**Data records**
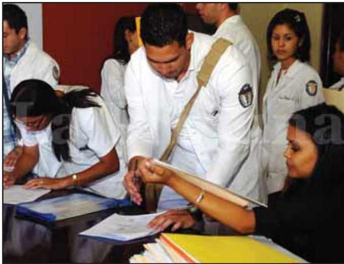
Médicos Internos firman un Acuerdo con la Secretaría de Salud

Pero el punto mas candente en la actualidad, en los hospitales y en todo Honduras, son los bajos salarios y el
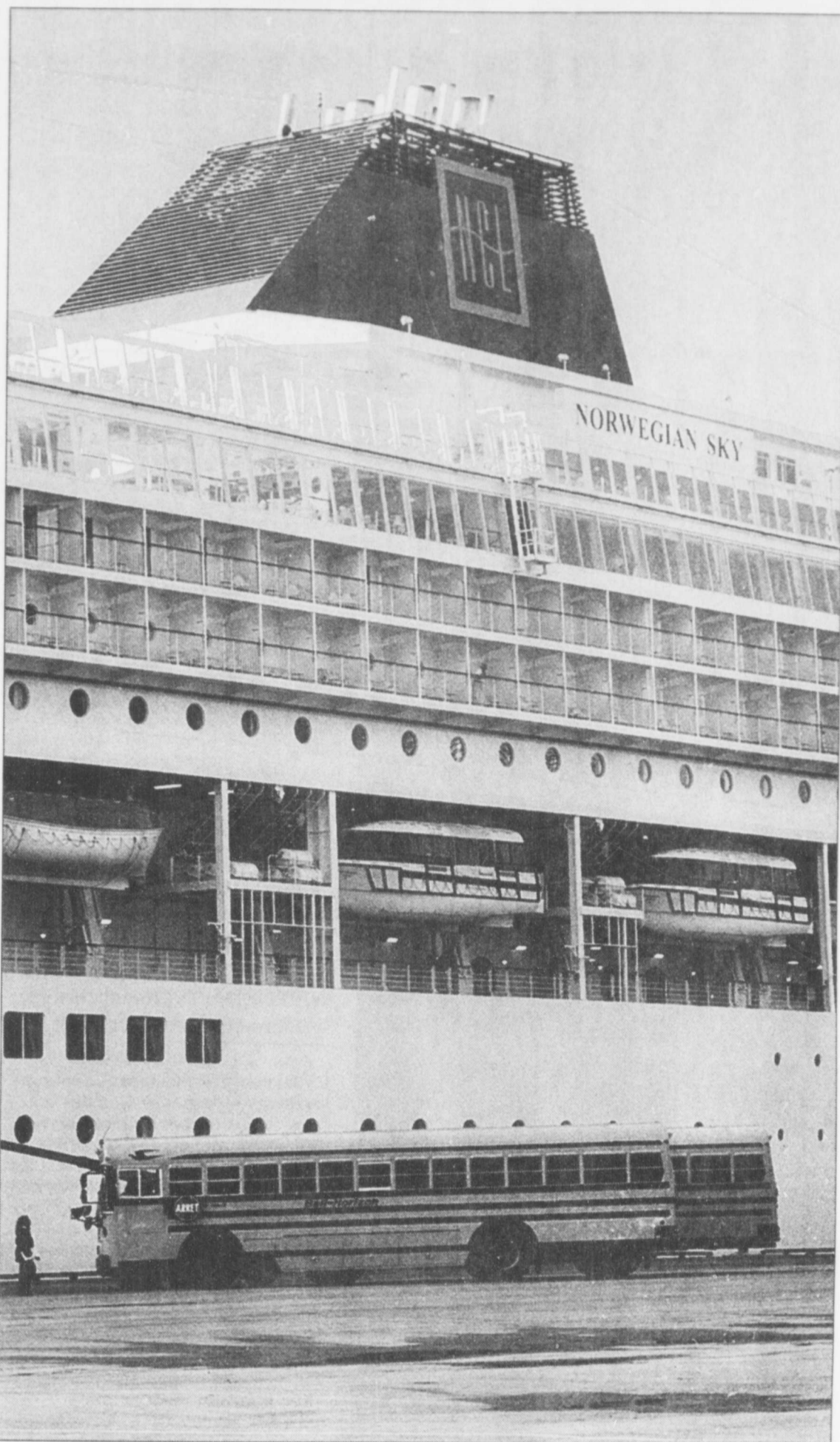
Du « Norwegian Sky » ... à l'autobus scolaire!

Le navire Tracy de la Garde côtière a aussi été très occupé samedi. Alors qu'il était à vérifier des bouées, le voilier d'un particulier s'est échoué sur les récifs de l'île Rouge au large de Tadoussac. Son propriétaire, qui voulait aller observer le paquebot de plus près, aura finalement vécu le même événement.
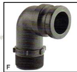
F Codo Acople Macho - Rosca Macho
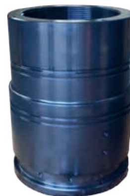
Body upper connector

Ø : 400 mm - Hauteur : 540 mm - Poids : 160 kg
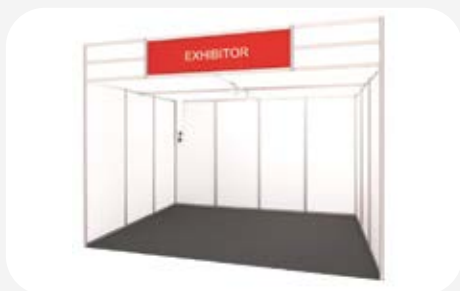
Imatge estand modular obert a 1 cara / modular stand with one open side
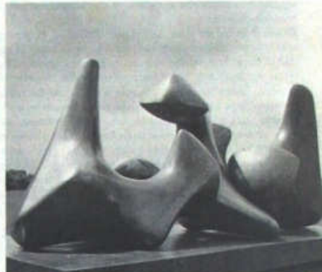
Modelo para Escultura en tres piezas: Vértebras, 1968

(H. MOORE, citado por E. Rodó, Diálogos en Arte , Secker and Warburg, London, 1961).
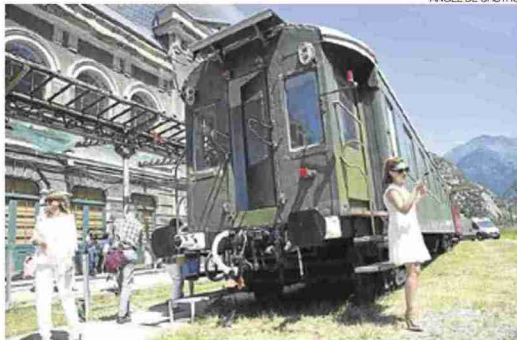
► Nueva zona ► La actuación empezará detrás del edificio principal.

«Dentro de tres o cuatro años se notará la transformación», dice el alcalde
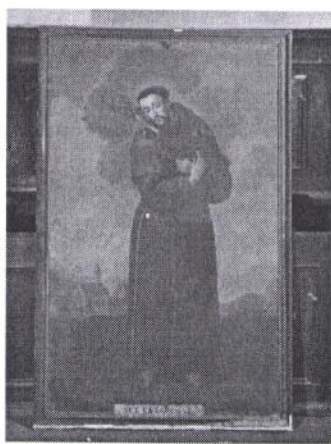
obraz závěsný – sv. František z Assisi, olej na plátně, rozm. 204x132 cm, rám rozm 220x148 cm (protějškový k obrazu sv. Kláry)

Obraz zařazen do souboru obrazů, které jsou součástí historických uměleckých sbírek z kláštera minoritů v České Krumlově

**AIM OF THE TASK**
From the line containing "F Codo Acople Macho - Rosca Macho" to the last line of the records above, return each line exactly, both ends included, and nothing more. Leave out the pictures.

**WRITTEN RESPONSE**
F Codo Acople Macho - Rosca Macho
Body upper connector

Ø : 400 mm - Hauteur : 540 mm - Poids : 160 kg
Imatge estand modular obert a 1 cara / modular stand with one open side
Modelo para Escultura en tres piezas: Vértebras, 1968

(H. MOORE, citado por E. Rodó, Diálogos en Arte , Secker and Warburg, London, 1961).
► Nueva zona ► La actuación empezará detrás del edificio principal.

«Dentro de tres o cuatro años se notará la transformación», dice el alcalde
obraz závěsný – sv. František z Assisi, olej na plátně, rozm. 204x132 cm, rám rozm 220x148 cm (protějškový k obrazu sv. Kláry)

Obraz zařazen do souboru obrazů, které jsou součástí historických uměleckých sbírek z kláštera minoritů v České Krumlově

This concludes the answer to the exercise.